Bigger social assistance spend in a less assistance-dependant Malta

A recent release by the National Statistics Office (NSO) on social security expenditure in the first half of 2021 confirms that Malta’s social safety net has performed very well during the pandemic.

Prior to the reforms made in the 2014 Budget, Malta’s social benefit system was a passive one. This meant that typically, when an economic crisis hit the country before 2014, it would result in some people ending up depending on social assistance. They would then fall in a poverty trap, with little incentives to get off social assistance. The more they stayed on benefits, the more they ended up dependent on them, together with funds from informal economic activity in the underground economy. They would move from one benefit to another, starting from unemployment assistance then to social assistance and then when they reached a certain age to supplementary assistance.

Budget 2014 with its introduction of the youth guarantee, in-work benefit, free childcare and the tapering of social benefits, sought to break this cycle. These measures proved to be very effective, as can be seen in the past 6 years.

From nearly 6,000 dependents on unemployment assistance in 2013, at the end of 2019 there were just 1,079 persons relying on this support. Social assistance beneficiaries, which by December 2014 were up to nearly 14,000, fell to 7,778 in five years. Despite that the eligibility conditions for supplementary assistance were widened, even here the number of beneficiaries also decreased.

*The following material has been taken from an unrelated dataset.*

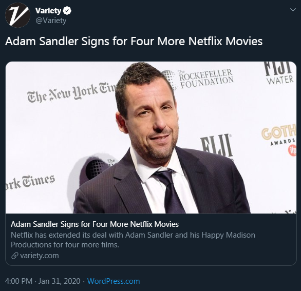 Got to respect Adam Sandler here. For once I actually welcome the huge sloppy steaming shit he will soon be firing right into our eyeballs.pic.twitter.com/sxRg5KJuME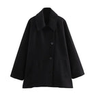 This women's coat is an overcoat-length suitable for cooler temperatures. It has a classic lapel collar and is cut with a defined silhouette across the body. This outerwear piece is appropriate for wearing during the autumn, winter, and spring seasons, functioning as a layer over clothing for formal occasions.

Most had expected these gains to be reversed as a result of the pandemic, but the incentives to make work pay embedded in the system withstood their first major test. Those on unemployment assistance rose slightly in 2020, but by mid-2021 the fall resumed, resulting in a new record low.

More impressively, the number of those receiving social assistance dropped both in 2020 and in the first half of 2021. So much so that by end June 2021, the number of persons depending on social assistance was one thousand less than that at the end of December 2019. By contrast, in the first year and a half after the 2008 economic crisis, the number of those on social assistance had risen by 900. Those dependent on social assistance in mid-2021 were a third less than at the height of the 2008 economic crisis.  Similarly, the number of those resorting to supplementary assistance to raise their low income in mid-2021 was a quarter less than in 2009.

This decline in dependence on benefits, made it possible for Government to raise benefit rates without negatively impacting fiscal sustainability. Thus, Government’s allocation to supplementary allowances cost rose from €4.3 million in 2019 to €6 million in 2021. The same happened for newly introduced benefits such as the in-work benefit. Compared to a year ago, the amount awarded rose by almost one million Euro, or almost by half. This followed improvements in rates, eligibility, and a new supplement for those on this benefit that have children.

Thanks to previous Budget measures, the amount targeted towards persons with disability has now risen to almost €16 million, compared to less than €13 million before the start of the pandemic. The same happened with Children’s Allowance, where the allocation went up by €2 million, or 10%, largely thanks to the introduction of a supplement. In the 2008 economic crisis the Government had reduced this assistance to households by more than €2 million.

Pensioners, unlike in previous occasions, were not left alone in this moment of economic challenge. In fact, the amount awarded to widows rose for the first time in history to more than €80 million in the first six months of the year. This meant an increase of €15.6million, or almost 25% compared to the amount allocated before the pandemic. As regards the amount granted to pensioners it also reached a record figure of more than one third of a billion Euro in the first six months of the year. This meant a growth of €42, or 14% compared to 2019. Focusing solely on minimum pensions, the allocation has increased by €9 million, or a third.

That in the middle of an unprecedented economic challenge, Government finds the funds to raise the investment in children’s allowance by 10%, in widows’ pensions by 25% and in minimum pensions by 33% is the strongest evidence that Malta’s social safety net is working.